*** Material for the task Section Begins ***
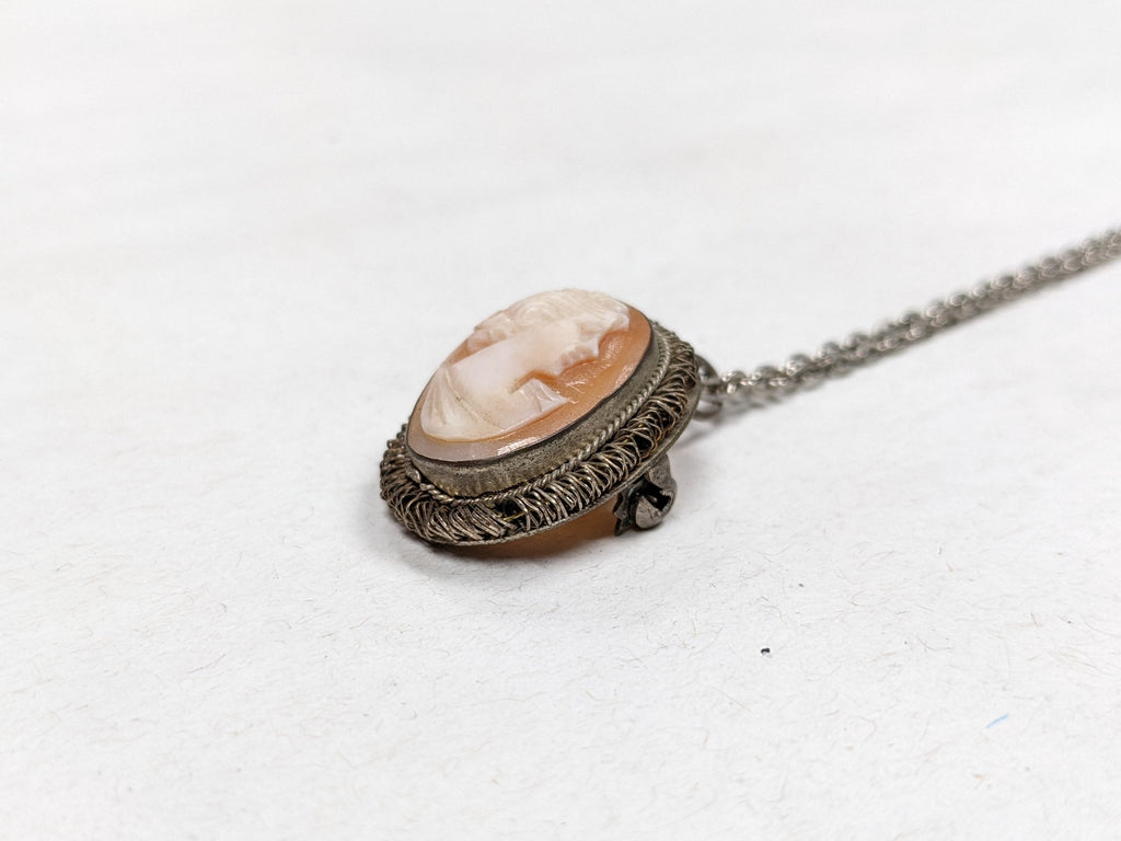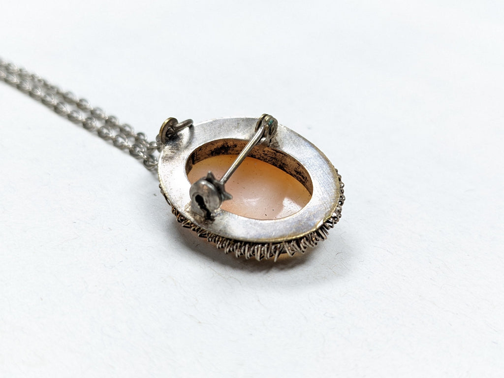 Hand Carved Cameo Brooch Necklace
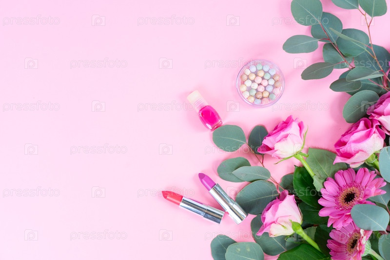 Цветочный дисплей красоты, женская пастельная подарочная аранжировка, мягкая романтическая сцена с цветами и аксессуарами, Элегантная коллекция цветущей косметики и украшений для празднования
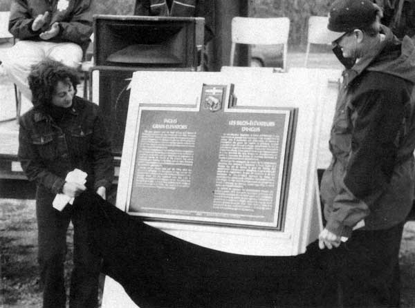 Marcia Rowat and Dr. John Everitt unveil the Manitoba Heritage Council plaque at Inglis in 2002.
*** Material for the task Section Ends ***
*** Material for the task Section Begins ***
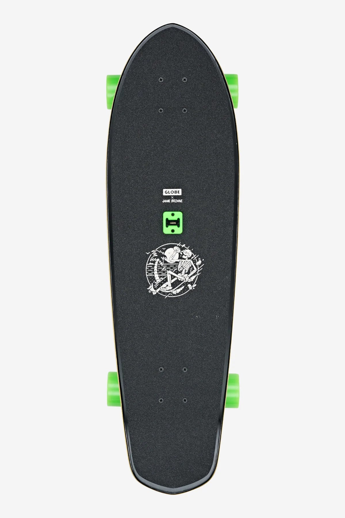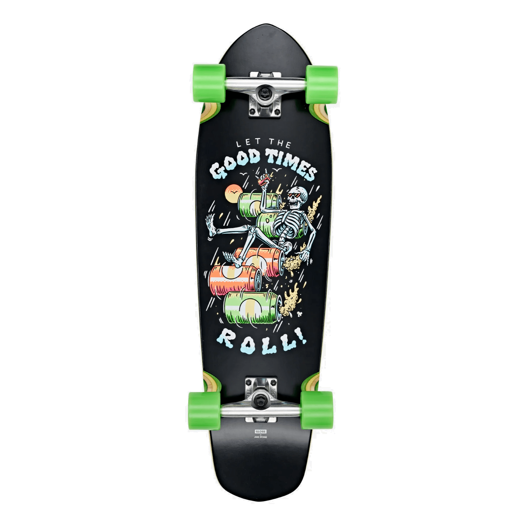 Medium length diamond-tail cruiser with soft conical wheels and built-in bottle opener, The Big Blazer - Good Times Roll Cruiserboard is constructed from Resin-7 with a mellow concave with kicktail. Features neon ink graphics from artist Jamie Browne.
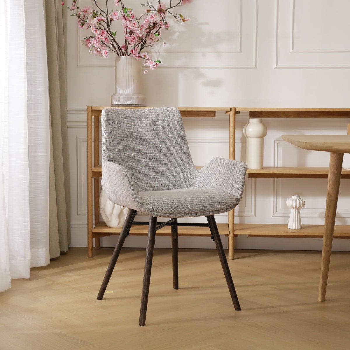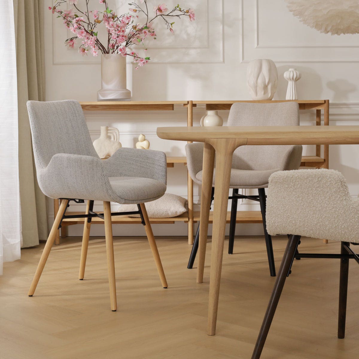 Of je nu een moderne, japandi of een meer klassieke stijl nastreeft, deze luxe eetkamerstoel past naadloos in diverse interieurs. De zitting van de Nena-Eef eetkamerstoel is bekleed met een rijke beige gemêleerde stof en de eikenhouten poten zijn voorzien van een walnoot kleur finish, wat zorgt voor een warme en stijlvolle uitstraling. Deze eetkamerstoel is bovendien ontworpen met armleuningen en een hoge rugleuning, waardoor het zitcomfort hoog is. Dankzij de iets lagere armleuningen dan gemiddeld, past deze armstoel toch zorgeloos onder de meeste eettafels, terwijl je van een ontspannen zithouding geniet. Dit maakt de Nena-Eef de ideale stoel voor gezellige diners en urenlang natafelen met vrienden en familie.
*** Material for the task Section Ends ***
*** Material for the task Section Begins ***
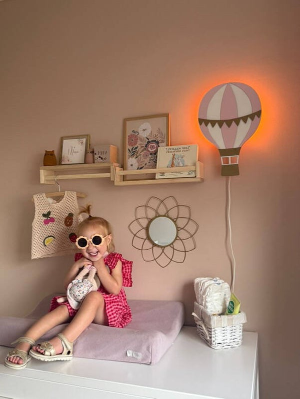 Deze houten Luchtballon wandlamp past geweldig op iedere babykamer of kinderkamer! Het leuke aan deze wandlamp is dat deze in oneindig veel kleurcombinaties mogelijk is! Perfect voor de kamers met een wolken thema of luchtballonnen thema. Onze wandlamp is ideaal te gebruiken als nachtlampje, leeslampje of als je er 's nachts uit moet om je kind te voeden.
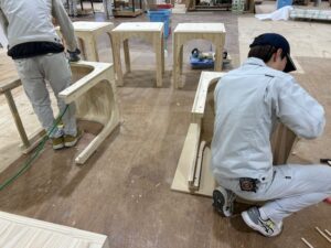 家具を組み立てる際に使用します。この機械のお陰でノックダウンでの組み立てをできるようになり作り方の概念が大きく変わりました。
*** Material for the task Section Ends ***
[Goal of the exercise]
A word-for-word reproduction is needed of the lines above from the line containing "Hand Carved Cameo Brooch Necklace" through the line containing "Marcia Rowat and", with both ends kept and no pictures.

[Written answer]
 Hand Carved Cameo Brooch Necklace
 Цветочный дисплей красоты, женская пастельная подарочная аранжировка, мягкая романтическая сцена с цветами и аксессуарами, Элегантная коллекция цветущей косметики и украшений для празднования
 Marcia Rowat and Dr. John Everitt unveil the Manitoba Heritage Council plaque at Inglis in 2002.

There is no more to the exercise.